The woman, in fact, holds her hands by her sides and tilts her head at an angle of five and a half degrees. Her hair falls just to her shoulders. This information and much, much more is exactingly encoded by the electrical pulses in the various neurons of the man's eyes.

In another few thousandths of a second, the electrical signals reach the ganglion neurons, which bunch together in the optic nerve at the back of the eye and carry their data to the brain. Here, the impulses race to the primary visual cortex, a highly folded layer of tissue about a tenth of an inch thick and two square inches in area, containing one hundred million neurons in half a dozen layers. The fourth layer receives the input first, does a preliminary analysis, and transfers the information to neurons in other layers. At every stage, each neuron may receive signals from a thousand other neurons, combine the signals - some of which cancel each other out - and dispatch the computed result to a thousand-odd other neurons.

After about thirty seconds - after several hundred trillion particles of reflected light have entered the man's eyes and been processed - the woman says hello. Immediately, molecules of air are pushed together, then apart, then together, beginning in her vocal cords and traveling in a spring like motion to the man's ears. The sound makes the trip from her to him (twenty feet) in a fiftieth of a second.

Within each of his ears, the vibrating air quickly covers the distance to the eardrum. The eardrum, an oval membrane about .3 inch in diameter and tilted fifty-five degrees from the floor of the auditory canal, itself begins trembling and transmits its motion to three tiny bones. From there, the vibrations shake the fluid in the cochlea, which spirals snail-like two and a half turns around.

Inside the cochlea the tones are deciphered. Here, a very thin membrane undulates in step with the sloshing fluid, and through this basilar membrane run tiny filaments of varying thickness, like strings on a harp. The woman's voice, from afar, is playing this harp. Her hello begins in a low registers and rises in pitch toward the end. In precise response, the thick filaments in the basilar membrane vibrate first, followed by the thinner ones. Finally, tens of thousands of rod-shaped bodies perched on the basilar membrane convey their particular quiverings to the auditory nerve.
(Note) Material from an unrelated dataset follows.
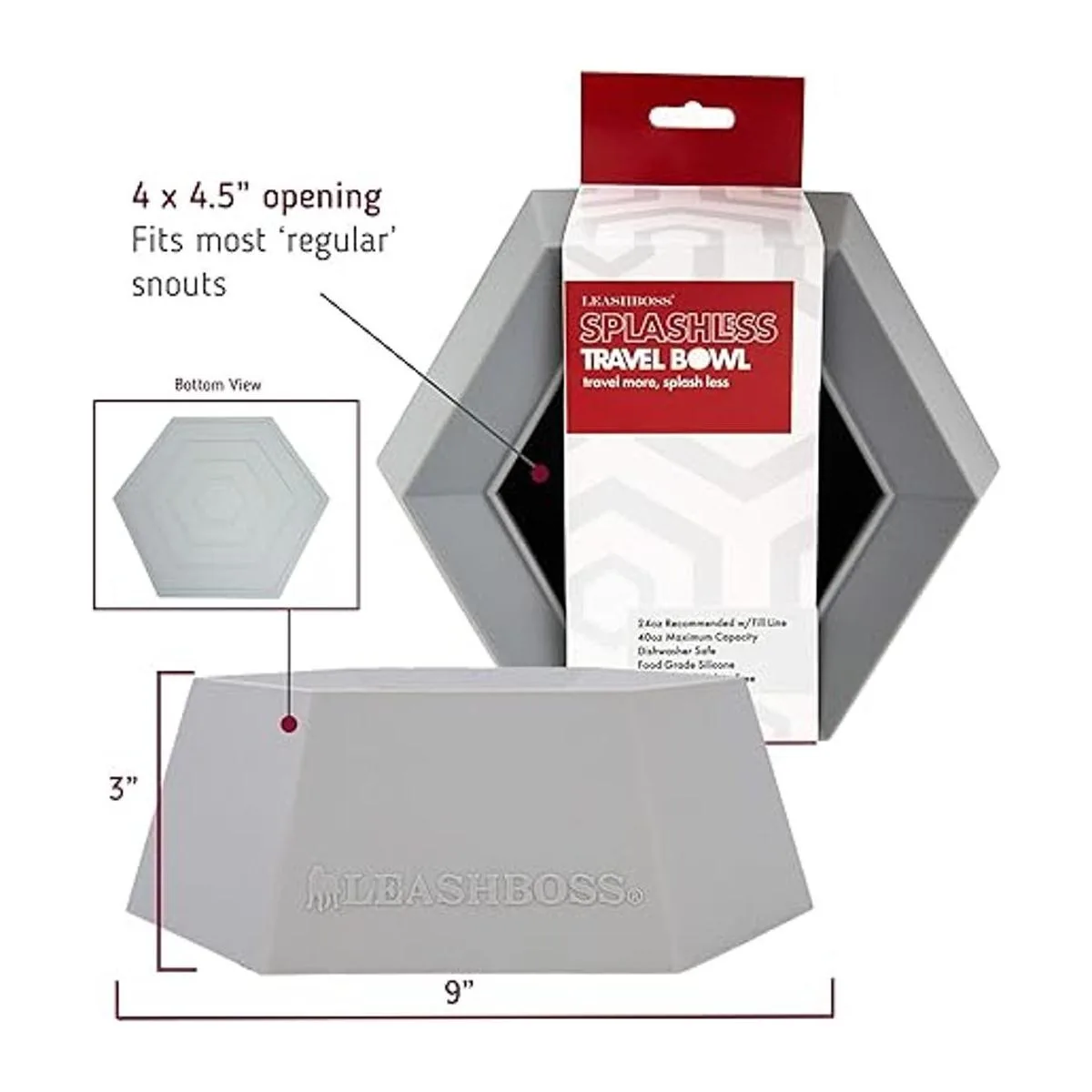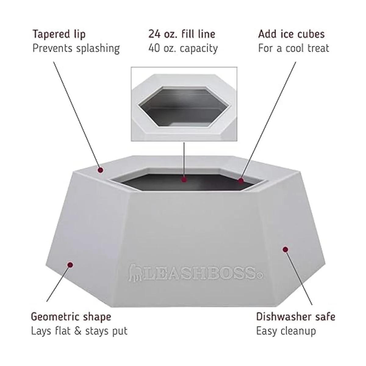 Leashboss Cuenco de agua para perro de viaje sin salpicaduras, gran capacidad de 40 onzas, sin derrames, plato de silicona portátil para coche

News of the woman's hello, in electrical form, races along the neurons of the auditory nerve and enters the man's brain, through the thalamus, to a specialized region of the cerebral cortex for further processing. Eventually, a large fraction of the trillion neurons in the man's brain become involved with computing the visual and auditory data just acquired. Sodium and potassium gates open and close. Electrical currents speed along neuron fibers. Molecules flow from one nerve ending to the next.

All of this is known. What is not known is why, after about a minute, the man walks over to the woman and smiles.